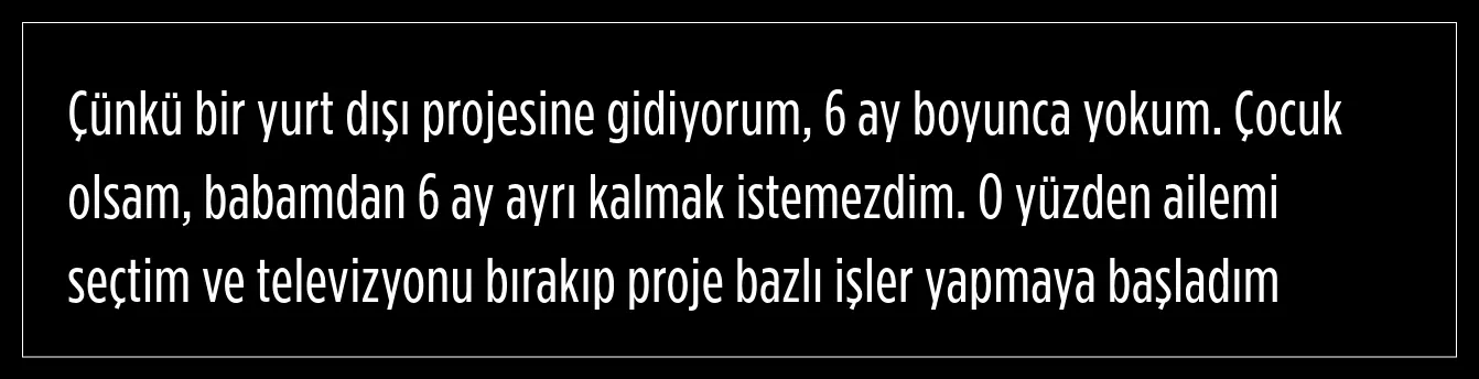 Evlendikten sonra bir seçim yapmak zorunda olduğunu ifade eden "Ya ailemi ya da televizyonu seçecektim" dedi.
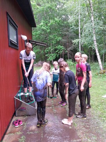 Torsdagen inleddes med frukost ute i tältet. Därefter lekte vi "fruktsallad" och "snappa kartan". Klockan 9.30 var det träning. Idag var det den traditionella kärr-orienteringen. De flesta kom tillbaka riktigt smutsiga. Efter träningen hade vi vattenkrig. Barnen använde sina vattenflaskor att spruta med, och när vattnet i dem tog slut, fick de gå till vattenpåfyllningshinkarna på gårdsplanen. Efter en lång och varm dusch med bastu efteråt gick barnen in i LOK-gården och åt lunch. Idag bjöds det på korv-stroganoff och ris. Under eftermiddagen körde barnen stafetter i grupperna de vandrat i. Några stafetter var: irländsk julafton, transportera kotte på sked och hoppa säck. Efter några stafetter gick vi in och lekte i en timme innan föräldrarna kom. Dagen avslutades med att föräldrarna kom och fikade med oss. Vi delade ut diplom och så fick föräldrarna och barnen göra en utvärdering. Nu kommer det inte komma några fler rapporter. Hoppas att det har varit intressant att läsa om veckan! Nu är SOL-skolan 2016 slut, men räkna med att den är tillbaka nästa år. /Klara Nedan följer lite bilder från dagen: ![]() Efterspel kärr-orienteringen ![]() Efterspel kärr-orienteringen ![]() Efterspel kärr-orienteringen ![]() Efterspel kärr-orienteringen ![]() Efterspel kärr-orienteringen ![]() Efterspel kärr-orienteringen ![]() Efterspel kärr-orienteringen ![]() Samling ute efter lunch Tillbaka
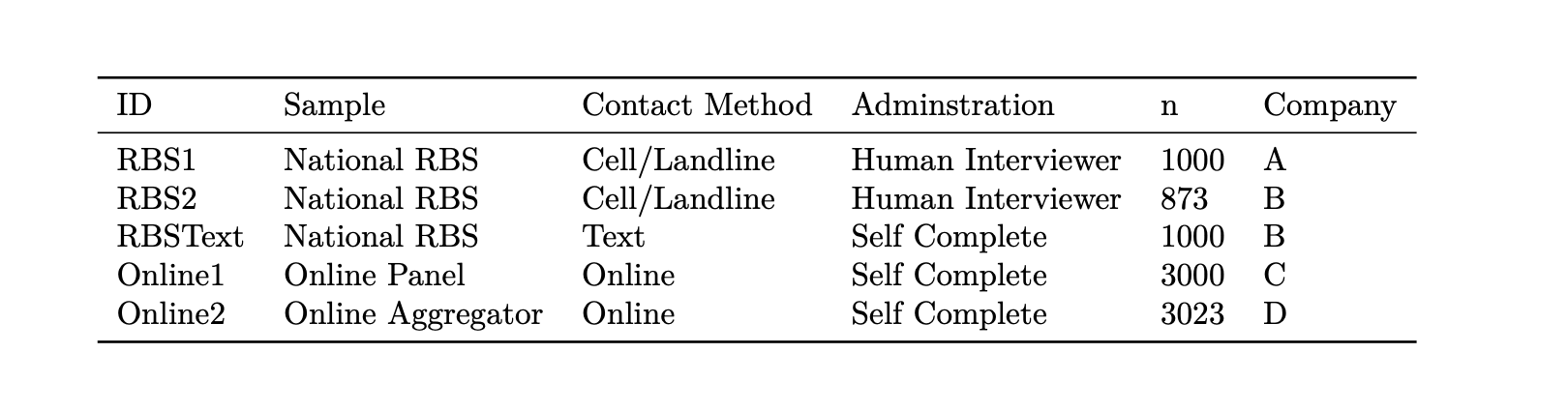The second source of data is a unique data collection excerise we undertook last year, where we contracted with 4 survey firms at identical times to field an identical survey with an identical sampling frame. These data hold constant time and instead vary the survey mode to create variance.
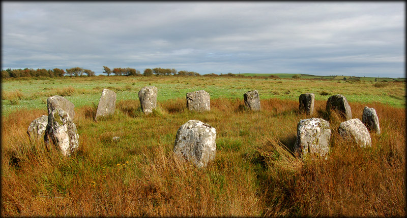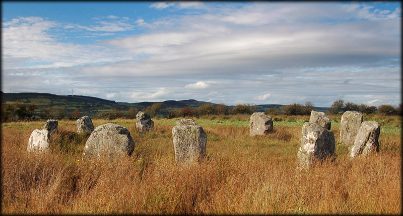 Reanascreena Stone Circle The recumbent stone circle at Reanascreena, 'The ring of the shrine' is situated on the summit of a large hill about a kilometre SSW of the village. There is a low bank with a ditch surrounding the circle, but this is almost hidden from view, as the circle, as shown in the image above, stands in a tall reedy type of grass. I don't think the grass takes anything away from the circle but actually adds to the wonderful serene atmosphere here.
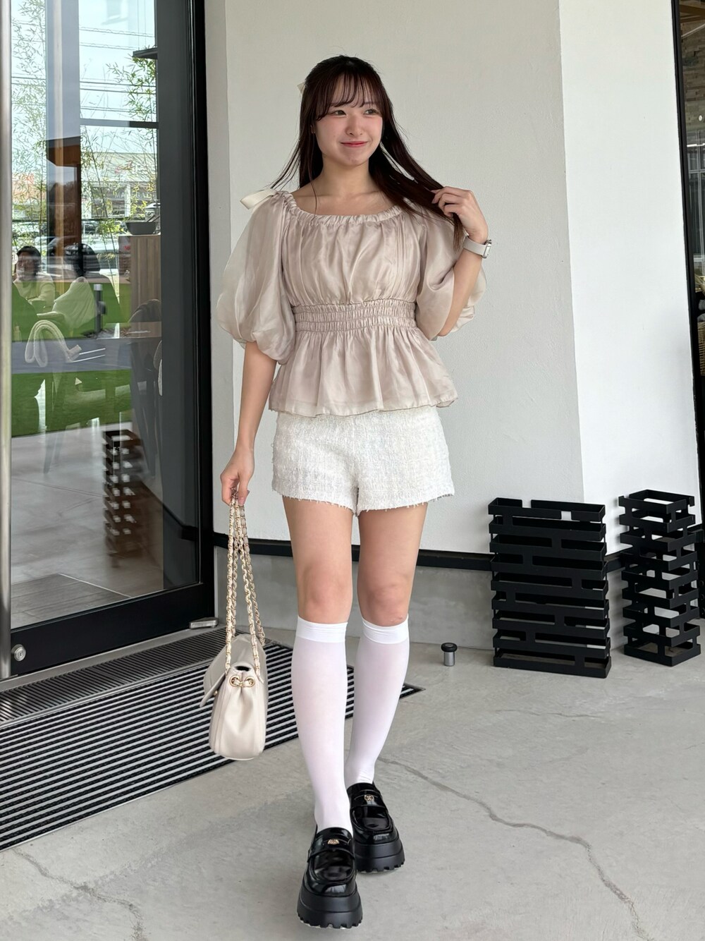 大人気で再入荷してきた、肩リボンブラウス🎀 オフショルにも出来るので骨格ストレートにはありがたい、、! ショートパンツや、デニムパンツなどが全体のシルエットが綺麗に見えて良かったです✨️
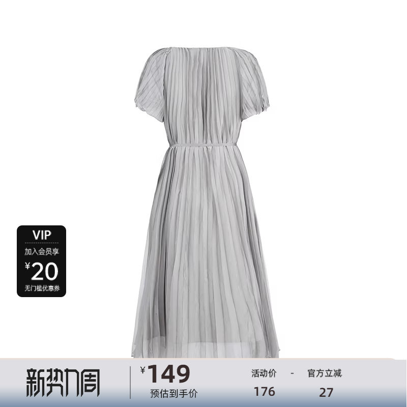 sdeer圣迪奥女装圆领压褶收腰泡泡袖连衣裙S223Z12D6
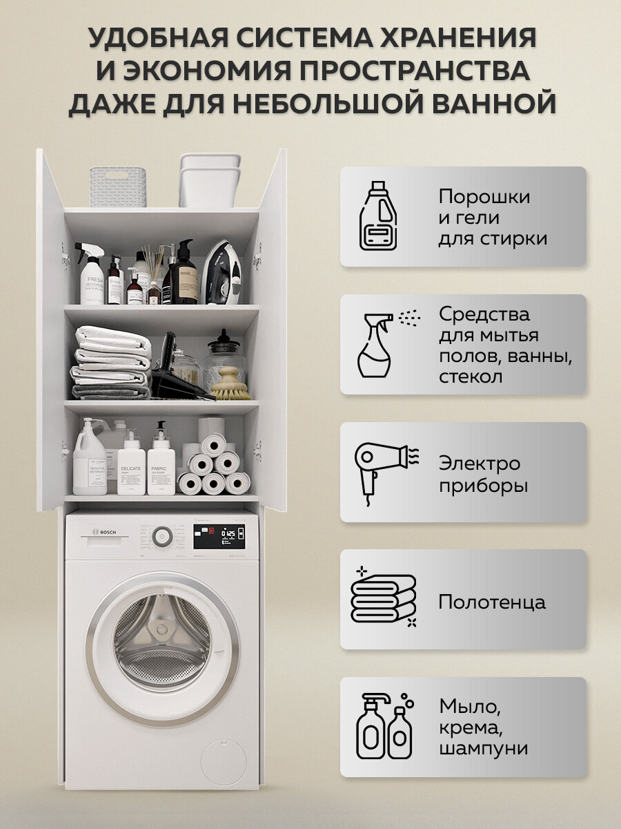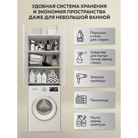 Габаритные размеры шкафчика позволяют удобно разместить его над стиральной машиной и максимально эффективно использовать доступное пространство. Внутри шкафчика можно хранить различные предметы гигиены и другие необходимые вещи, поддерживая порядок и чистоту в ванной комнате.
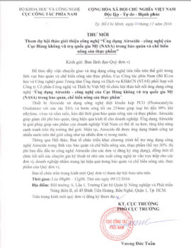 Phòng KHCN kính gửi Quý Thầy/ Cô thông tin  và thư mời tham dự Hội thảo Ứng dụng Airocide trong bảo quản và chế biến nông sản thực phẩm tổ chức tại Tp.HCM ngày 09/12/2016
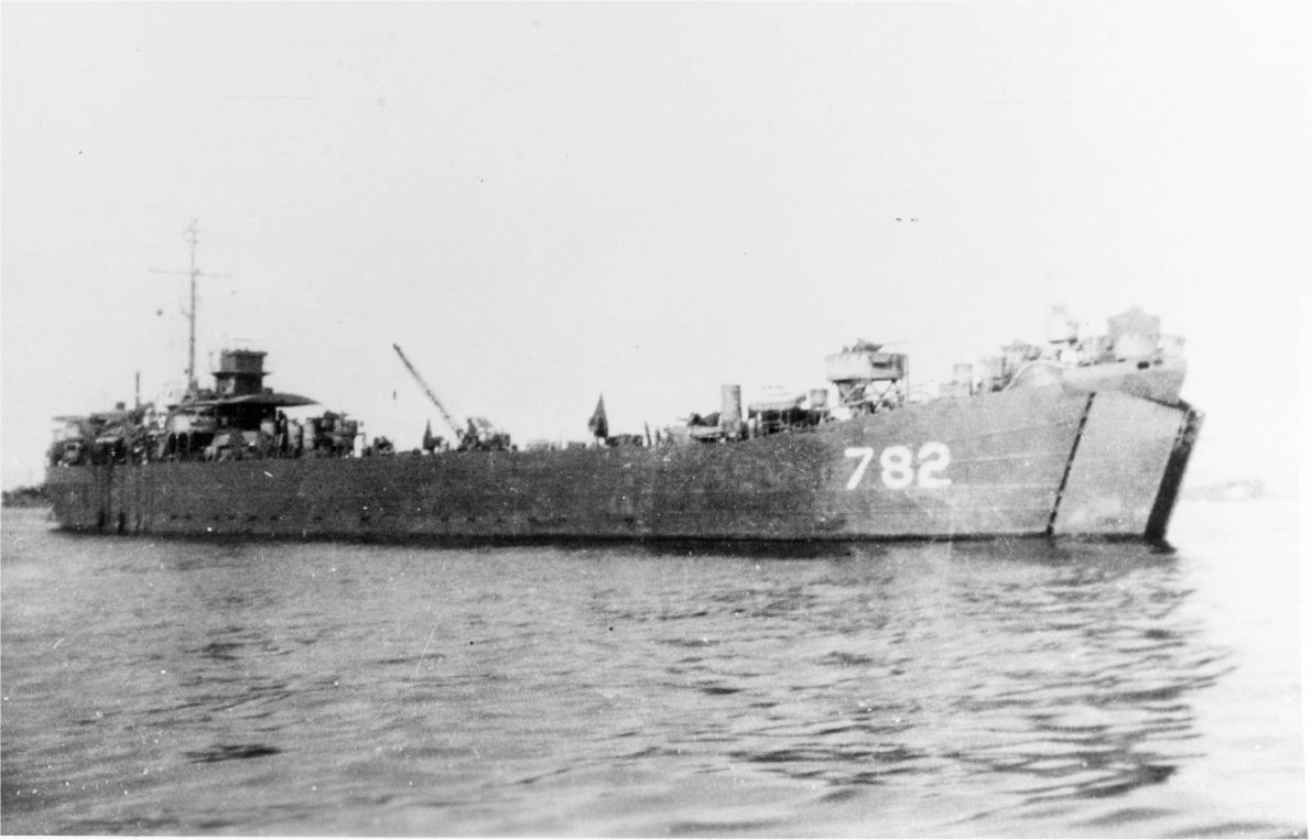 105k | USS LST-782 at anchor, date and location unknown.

▬▬▬

DIRECTIONS FOR THIS TASK -
From the first line of the entries above down to the line holding "Torsdagen inleddes med", quote each line exactly and nothing else, skipping pictures.

TASK RESULT -
 Evlendikten sonra bir seçim yapmak zorunda olduğunu ifade eden "Ya ailemi ya da televizyonu seçecektim" dedi.
 Torsdagen inleddes med frukost ute i tältet. Därefter lekte vi "fruktsallad" och "snappa kartan". Klockan 9.30 var det träning. Idag var det den traditionella kärr-orienteringen. De flesta kom tillbaka riktigt smutsiga. Efter träningen hade vi vattenkrig. Barnen använde sina vattenflaskor att spruta med, och när vattnet i dem tog slut, fick de gå till vattenpåfyllningshinkarna på gårdsplanen. Efter en lång och varm dusch med bastu efteråt gick barnen in i LOK-gården och åt lunch. Idag bjöds det på korv-stroganoff och ris. Under eftermiddagen körde barnen stafetter i grupperna de vandrat i. Några stafetter var: irländsk julafton, transportera kotte på sked och hoppa säck. Efter några stafetter gick vi in och lekte i en timme innan föräldrarna kom. Dagen avslutades med att föräldrarna kom och fikade med oss. Vi delade ut diplom och så fick föräldrarna och barnen göra en utvärdering. Nu kommer det inte komma några fler rapporter. Hoppas att det har varit intressant att läsa om veckan! Nu är SOL-skolan 2016 slut, men räkna med att den är tillbaka nästa år. /Klara Nedan följer lite bilder från dagen: ![]() Efterspel kärr-orienteringen ![]() Efterspel kärr-orienteringen ![]() Efterspel kärr-orienteringen ![]() Efterspel kärr-orienteringen ![]() Efterspel kärr-orienteringen ![]() Efterspel kärr-orienteringen ![]() Efterspel kärr-orienteringen ![]() Samling ute efter lunch Tillbaka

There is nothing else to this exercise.